Is there any way in which I can write to a file from my Java jar to an S3 folder where my reduce files would be written ? I have tried something like:

    FileSystem fs = FileSystem.get(conf);
    FSDataOutputStream FS = fs.create(new Path("S3 folder output path"+"//Result.txt"));        

    PrintWriter writer  = new PrintWriter(FS);
    writer.write(averageDelay.toString());
    writer.close();
    FS.close();

Here Result.txt is the new file which I would want to write.

Rico
  • 58,485
  • 12
  • 111
  • 141
hitrix
  • 133
  • 3
  • 11
  • btw, why not use [DistributedCache](http://hadoop.apache.org/docs/stable/api/org/apache/hadoop/filecache/DistributedCache.html)? It is as portable as the approach you're doing but perhaps more useful for long-running jobs – aldrinleal Feb 14 '14 at 03:48

3 Answers3

0

Answering my own question:-

I found my mistake.I should be passing the URI of S3 folder path to the fileSystem Object like below:-

 FileSystem fileSystem = FileSystem.get(URI.create(otherArgs[1]),conf);
 FSDataOutputStream fsDataOutputStream = fileSystem.create(new Path(otherArgs[1]+"//Result.txt"));      
 PrintWriter writer  = new PrintWriter(fsDataOutputStream);
 writer.write("\n Average Delay:"+averageDelay);
 writer.close();
 fsDataOutputStream.close();  
hitrix
  • 133
  • 3
  • 11
  • 8
    what is `conf` in your code?
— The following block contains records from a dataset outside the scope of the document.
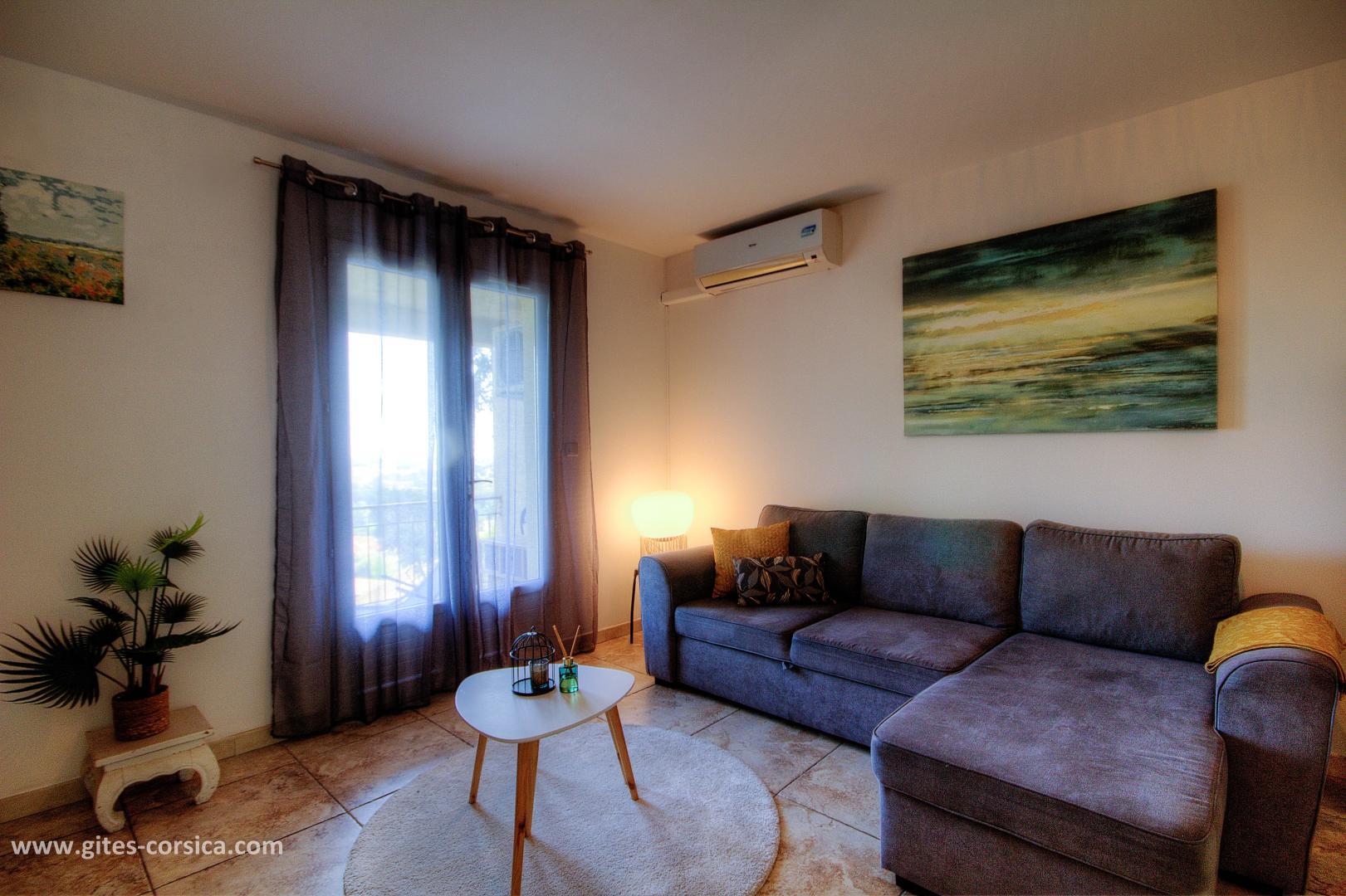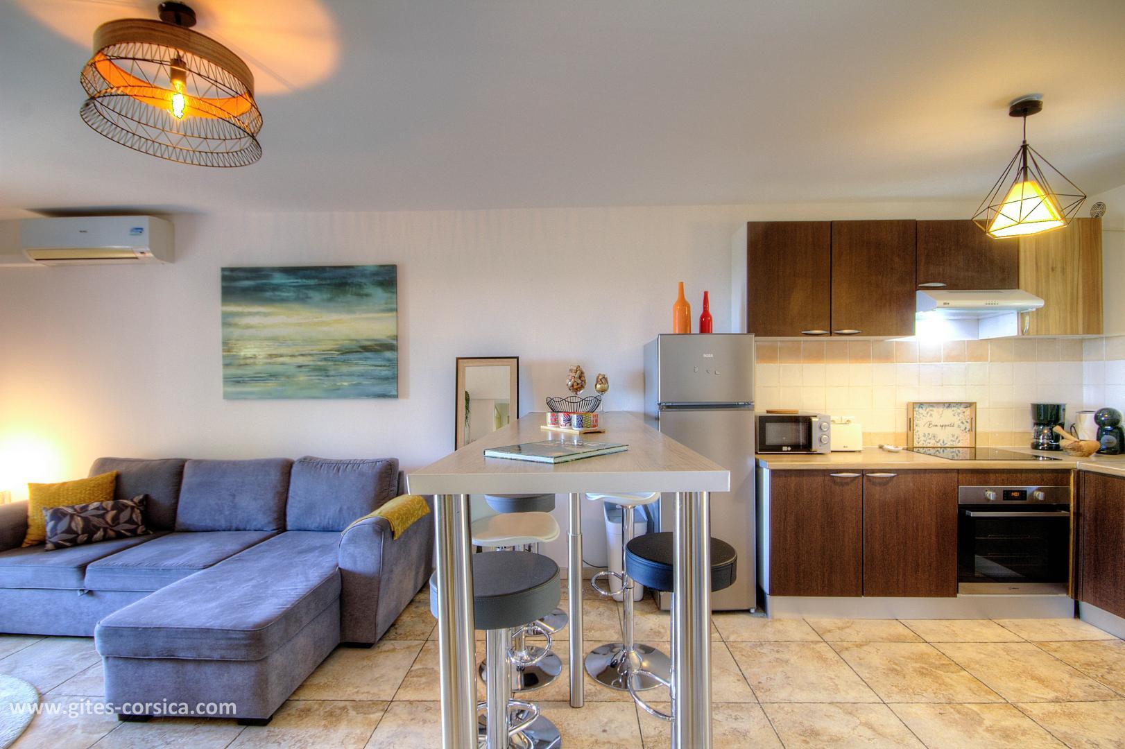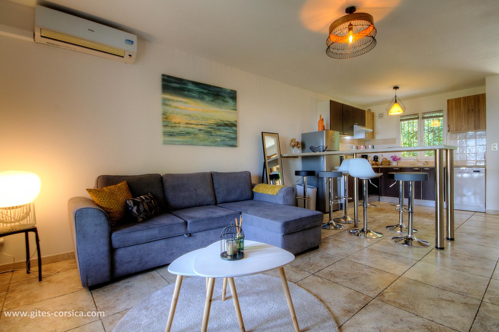 - Air-conditioned living room/kitchen including a sofa bed
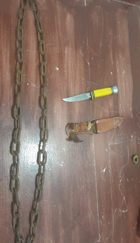 Cuando procedieron a hacer la requisa correspondiente, los efectivos de la Departamental Colón lograron secuestrar de entre sus ropas un cuchillo de 10 centímetros de largo y una cadena de un metro.
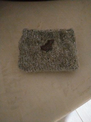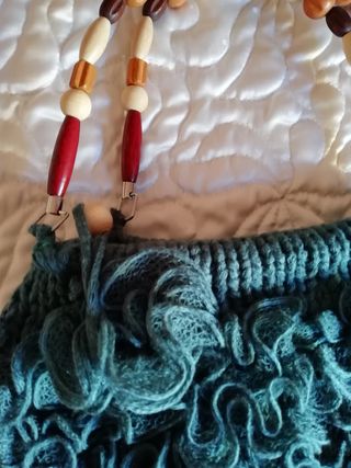 Borsa a uncinetto, colore marrone, con manico in legno, chiusa con bottone a calamita, taschino interno. Interno color beige.
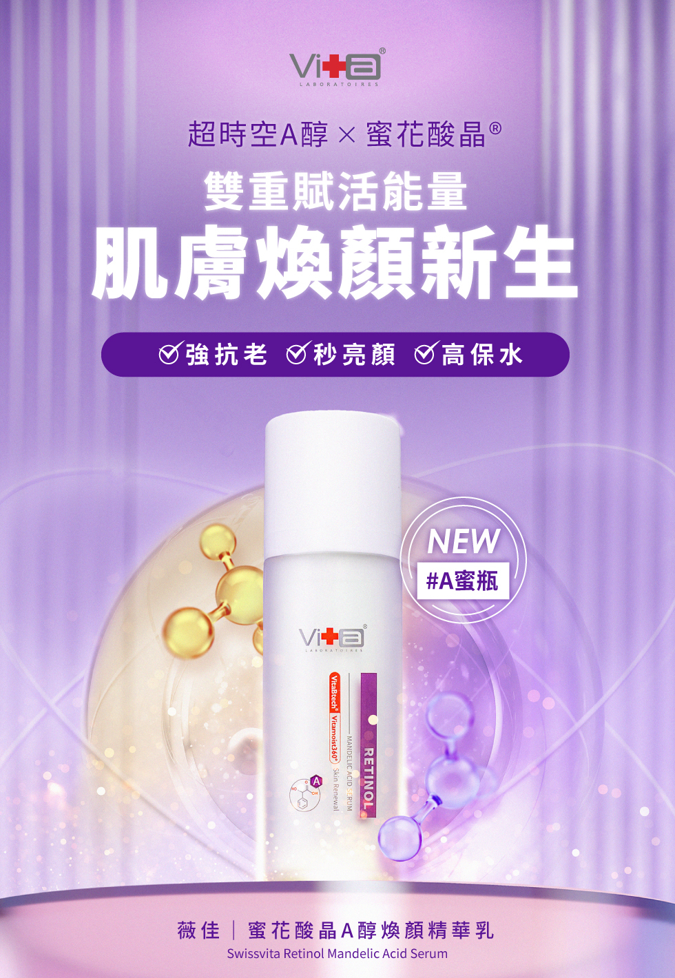 ●超時空A醇 x 蜜花酸晶®雙重賦活能量,革命性1A3酸配方,肌膚全面煥顏+煥亮
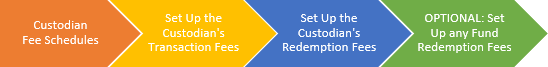 Step 1: Custodian Fee Schedules Step 2: Set Up the Custodian's Transaction Fees Step 3: Set Up the Custodian's Redemption Fees |
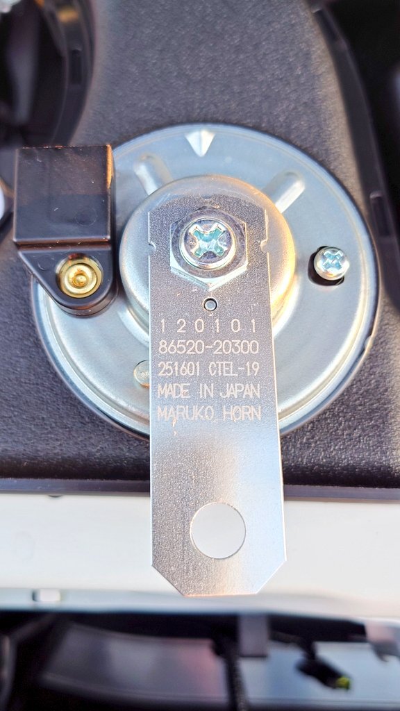 最後に… ⑧「標準装備のクラクション」 初期型では根元のプレートがブラックだったのに、改良型の現車ではシルバーでした。 ええ、知っていても何の自慢にもならない発見です。 #トヨタ #ノア #NOAH #90系 #改良型 #一部改良 pic.x.com/VbHEF0FhLR x.com/commedeshumain…
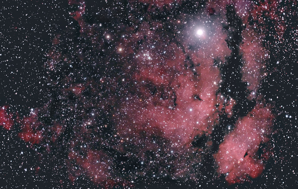 Comments: Even though I had to fight hazy clouds obscuring my image area this did not come out too bad. NGC 6910 makes an appearance in the upper center of the frame.
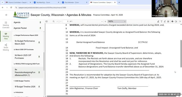 Sawyer County finance staff report stronger revenues; board assigns dental reserve and approves minutes
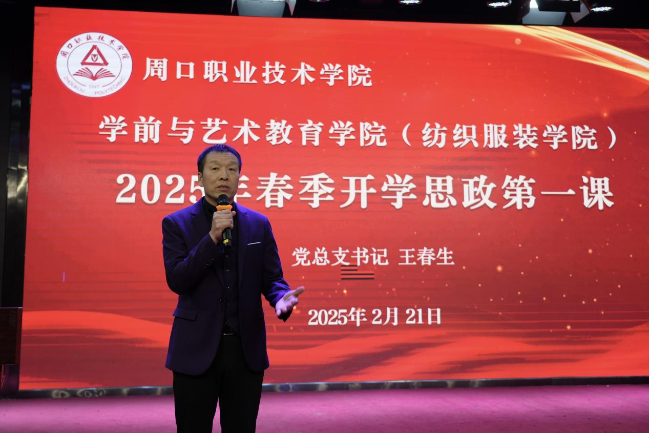 为帮助学生顺利适应新学期学习生活,进一步增强学生的文化自信和家国情怀。2月21日晚,ballBET贝博BB艾弗森(纺织服装学院)在艺术演播厅开展2025年春季开学思政第一课。23、24级团学干部、各班班长以及团支书参加课堂。学院党总支书记王春生授课。
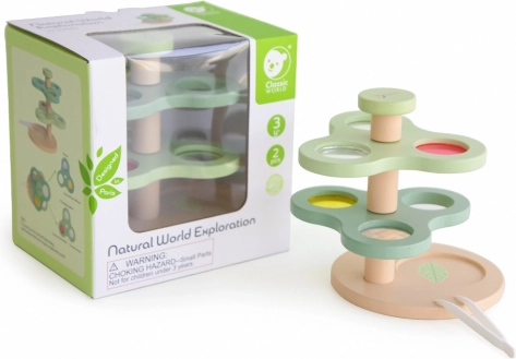 Træmikroskop og lup 2-i-1 "Naturforskning" fra Classic World, som vækker børns interesse for videnskab og opdagelse. Dette legetøjssæt indeholder farvede linser, prismer, forstørrelsesglas og konkave spejle, hvilket fremmer kreativitet og forbedrer finmotorikken.
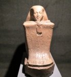 Die Kartusche von König Schoschenq III. befindet sich auf der Rückseite der Statue - direkt unter der Perücke:
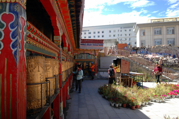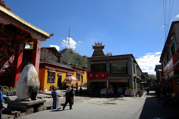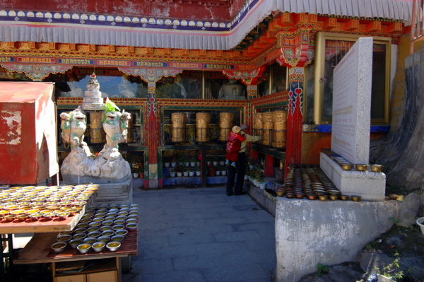 穿過這些作坊,便看到成排的金色轉經筒,在信徒的撥轉下隆隆旋轉;桑煙混合著人們虔誠的祈禱,循著崖壁緩緩升騰。轉經筒有大有小,小的拿在手中即可,這種手搖轉經筒,又叫作手搖瑪尼輪,質地有金、銀、銅等,也分大中小幾種。這種可以拿在手中的轉經筒,主體呈圓柱形,中間有軸以便轉動;不僅圓筒上刻有藏傳佛教的六字真言,圓筒中間同樣裝著經咒,藉著旋轉經筒,祈福消災。

What is `otherArgs[1]`? This code is not helpful to someone finding the question later – Daniel Kats Nov 03 '16 at 01:14
0
FileSystem fileSystem = FileSystem.get(URI.create(otherArgs[1]),new JobConf(<Your_Class_Name_here>.class));
FSDataOutputStream fsDataOutputStream = fileSystem.create(new     
Path(otherArgs[1]+"//Result.txt"));      
PrintWriter writer  = new PrintWriter(fsDataOutputStream);
writer.write("\n Average Delay:"+averageDelay);
writer.close();
fsDataOutputStream.close(); 

This is how I handled the conf variable in the above code block and it worked like charm.

Vinodh Thiagarajan
  • 758
  • 3
  • 9
  • 19
0

Here's another way to do it in Java by using the AWS S3 putObject directly with a string buffer.

... AmazonS3 s3Client;

public void reduce(Text key, java.lang.Iterable<Text> values, Reducer<Text, Text, Text, Text>.Context context) throws Exception {

    UUID fileUUID = UUID.randomUUID();
    SimpleDateFormat sdf = new SimpleDateFormat("yyy-MM-dd");
    sdf.setTimeZone(TimeZone.getTimeZone("UTC"));

    String fileName = String.format("nightly-dump/%s/%s-%s",sdf.format(new Date()), key, fileUUID);
    log.info("Filename = [{}]", fileName);

    String content = "";
    int count = 0;
    for (Text value : values) {
        count++;
        String s3Line = value.toString();
        content += s3Line + "\n";
    }
    log.info("Count = {}, S3Lines = \n{}", count, content);


    PutObjectResult putObjectResult = s3Client.putObject(S3_BUCKETNAME, fileName, content);
    log.info("Put versionId = {}", putObjectResult.getVersionId());

    reduceWriteContext("1", "1");

    context.setStatus("COMPLETED");
}
dvallejo
  • 1,033
  • 11
  • 25